If you have spent some time in Google Analytics, Piwik or Adobe Analytics, you’ll find the power of website analytics can be jaw-dropping. You will quickly realize how your company uses analytics to report on and inform your strategies and marketing efforts can be arrived at from an infinite number of paths. In short, your implementation and incorporation of website analytics is very unique to your business and your goals.

There is one aspect of analytics, however, that remains an absolute necessity for effectively using analytics, regardless of which of those infinite paths you end up taking: creating a Measurement Plan.


What is a Measurement Plan?

From our experience in marketing and analytics across a wide variety of industries, we’ve seen how a surprisingly large number of businesses operate in the dark when it comes to website analytics. That’s not to say that these businesses had necessarily lost sight of their company vision, value proposition or profitability requirements. But the resources invested to accomplish these initiatives and measure their effectiveness were largely unaccountable and included mere estimations at best.

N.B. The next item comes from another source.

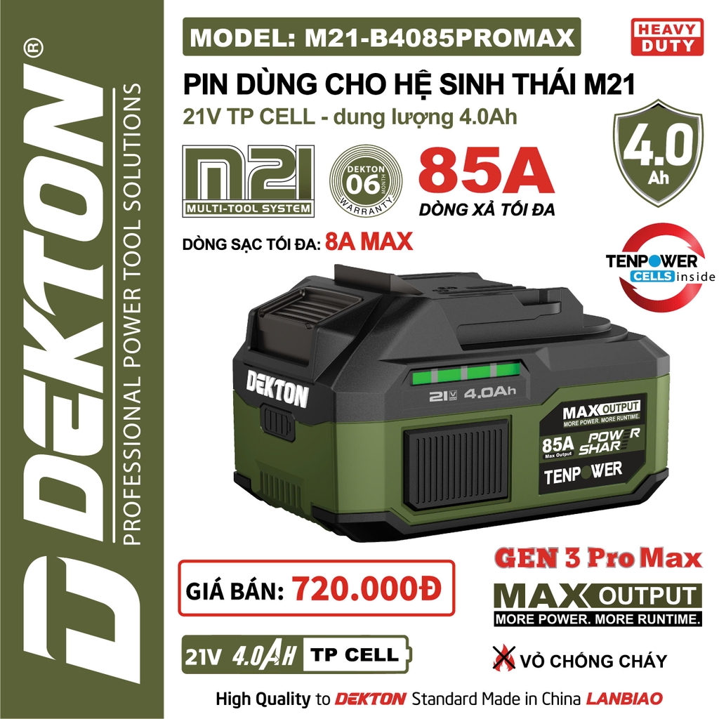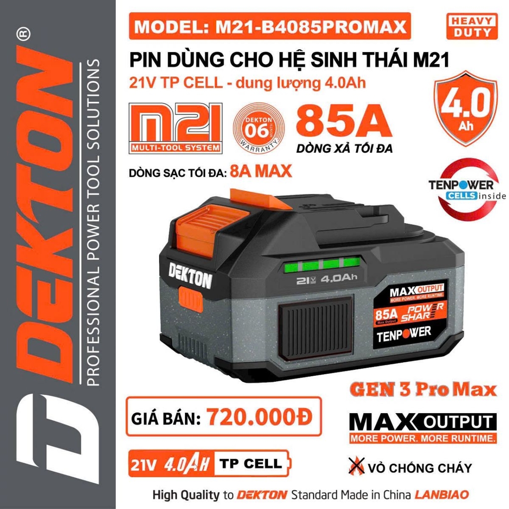 - Tên sản phẩm: Pin Dekton 21V 4.0Ah (ProMax) - M21-B4085PROMAX

Not too long ago, such a lack of accountability was to some degree unavoidable. Whereas the ROI of traditional television and print ads could be estimated by the impact on overall revenue, customer size, etc., a definite correlation between a given initiative and its results was impossible. In the rapidly evolving world of website analytics, businesses no longer have an excuse to operate under such impairment. Analytics not only has the power to correct your eyesight, it can give you x-ray vision. The tremendous value of a platform like Google Analytics and its relatively recent addition to what we would include as a business requirement make it both one of the most pivotal components of profitability and a source of unrealized potential.

Making sure you’re equipped to reap the benefits from your website analytics is simple – all it takes is a well-thought-out Measurement Plan – a document that clearly identifies the core objectives of your business and supports them with the metrics necessary to communicate how aligned those objectives are with reality.

Next we’ll walk through the 5-step process of creating this plan to ensure every action you take is accountable to specific, data-driven indicators of effectiveness.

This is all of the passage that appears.